Artjog 2024 : Bumi Berteriak, Kita Mendengarnya?
Bakpiaku.com – Artjog 2024 masih digelar hingga 1 September 2024, masih ada yan belum merapat? Salah satu ornamen menarik yang ditempel pada ruangan pertama pameran adalah telinga. Sebagai salah satu bagian tubuh yang berfungsi sebagai indera pendengaran, sudahkah kita menggunakannya dengan baik? Oke, coba kita mulai dari pertanyaan sederhana seperti, “Informasi apa yang tidak bisa kita akses hari ini?”.
Jika jawabanmu adalah “semua bisa diakses”, mari kita rayakan kemudahan itu bersama-sama sembari membahas ironi bumi ini. Dari ribuan bahkan jutaan artikel atau pesan yang diproduksi setiap harinya di internet mengenai krisis, kekacauan dunia di masa depan, hingga apa yang mengancam hari-harimu esok dan seterusnya, belum cukup untuk membuat manusia sadar. Perubahan cuaca, mengetahui kota mana di dunia yang punya polusi terparah, sampai melihat turunnya kualitas tempat kita tinggal hari ke hari.

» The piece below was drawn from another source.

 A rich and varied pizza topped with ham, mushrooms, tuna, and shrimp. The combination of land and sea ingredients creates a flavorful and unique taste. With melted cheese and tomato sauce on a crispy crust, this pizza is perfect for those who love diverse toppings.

Atau sederhana lagi, kopi kesukaanmu bisa melambung tinggi harganya karena krisis iklim, menyulitkan petani, dan pastinya semua penikmat kopi. Ke depan, biji pahit tersebut akan menjadi permata, yang hanya akan disuguhkan pada meja orang-orang kaya.
Salah Siapa?
Bukan bermaksud mengarah pada dramatisasi, namun sepertinya tidak hanya satu atau dua orang yang mengalami tanda erangan planet biru ini. Kita semua tahu, merasakannya, tapi berpura-pura tak mendengarnya. Yang satu merasa muda usianya sehingga lingkungan adalah urusan yang tua. Sedang yang satu lagi merasa hidupnya tak lama, lalu sekenanya membagikan warisan rusak pada yang belia.

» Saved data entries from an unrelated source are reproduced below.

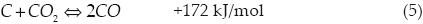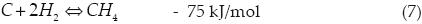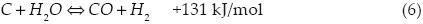 Esencialmente las ecuaciones 2, 5, 6 y 7 representan reacciones heterogéneas que determinan la composición del gassin en el estado de equilibrio. Estas cuatro reacciones describen la manera en que el coque de petróleo puede ser gasificado. La reacción 5 produce el CO al gasificar el carbono en una atmósfera de CO2, la reacción 6 es predominante sobre el proceso gasagua y la reacción 7 es la base de hidrogenación en el proceso de gasificación. Obsérvese que en las ecuaciones 57 se encuentran involucradas las reacciones homogéneas del CO y la reacción de metanación con vapor de agua, ecuaciones 8 y 9.
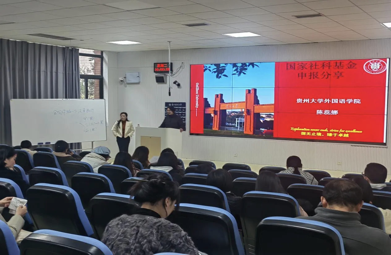 为扎实推进学科建设,提升教师科研项目申报质量,11月18日下午,外语学院在乐学楼阶101教室成功举办国家社科基金项目申报专题讲座。本次讲座特邀贵州大学外国语学院陈蕊娜博士担任主讲,学院专职教师和部分研究生参加。讲座由外语学院副院长李翠蓉主持。
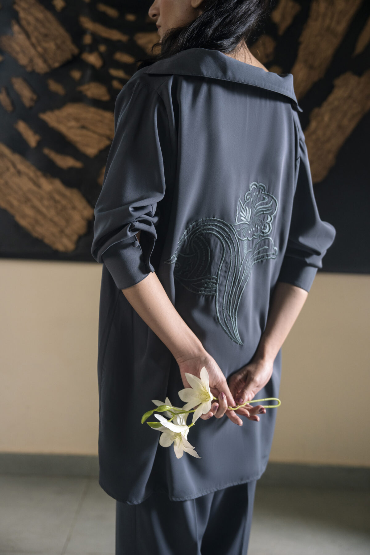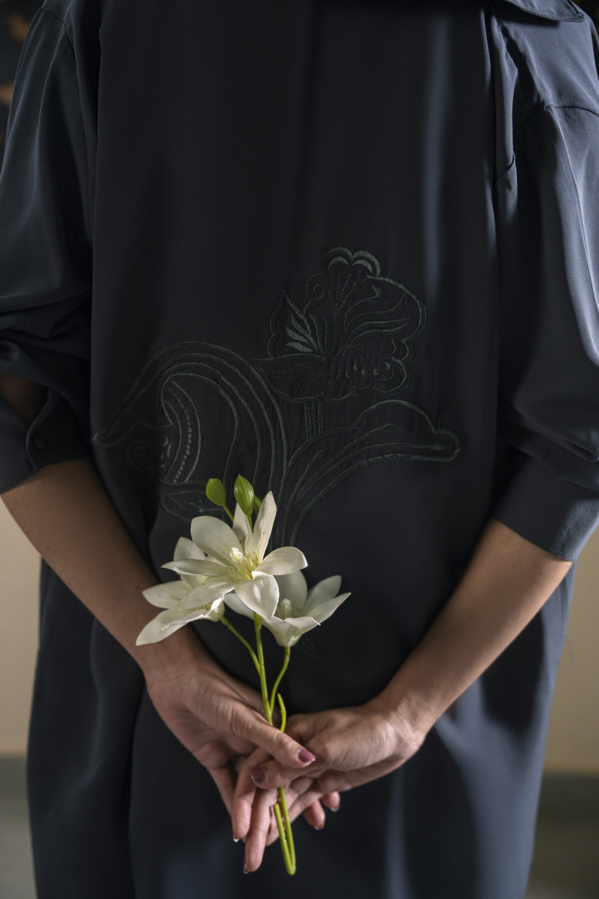 An ode to understated elegance, Noir Bloom is crafted in a soft, breathable cotton blend with a relaxed, fluid silhouette. Subtle floral embroidery graces the back, adding depth and artistry to timeless black.

Artjog 2024 dengan tema “Motif : Ramalan” menyentil telinga kita yang enggan dipakai mendengar itu untuk membuka gendangnya. Melalui karya dari hasil kerja sama antara 48 seniman dewasa, individu, kelompok, hingga anak-anak. Instalasi yang megah juga sarat makna atas hubungan motif ramalan penujum dan lingkungan, mengusik lingkaran setan kenyamanan setiap kepala. Semua peristiwa tragis, diawali dari sifat manusia yang bengis.

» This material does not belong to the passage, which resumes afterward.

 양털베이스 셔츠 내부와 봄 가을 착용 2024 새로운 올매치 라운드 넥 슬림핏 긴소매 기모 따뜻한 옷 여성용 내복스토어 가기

Dengar Mantranya Di Artjog
Kembali pada telinga, dalam ruangan lantai 1 Artjog Yogyakarta, selain disuguhi koleksi yang dibawa langsung dari daerah, musik seperti mantra juga menemani kita merefleksikan diri sebagai manusia. Mantra yang biasa disyairkan saat pra, proses sampai panen tiba patut diamalkan sebagai simbol dalam memanfaatkan alam dengan arif, tanpa bersikap eksploitatif. Kita diajak aktif mendengar, merasakan, dan bertindak. Itu adalah sejatinya kita sebagai manusia. Makhluk paling berakal di bumi, yang memiliki pekerti serta nurani.
Seperti Malin Kundang yang durhaka, kita semua bisa sama seperti batu. Tau batu? Benda yang berdiam diri di tempat, tahu tapi tidak berbuat apa-apa. Silahkan pilih posisimu, sama dengan batu atau makhluk hidup yang mau mengawali perubahan lewat sesuatu. Mari jadikan pameran tahunan di Yogyakarta ini ajang belajar dan terus berbenah dalam melihat masalah.
Silakan menyebar dan menebar kebaikan pada lingkungan sesuai peran. Gunakan perspektif manusia dan alam, menuju kehidupan dan ekosistem masa depan lebih berdaya tahan.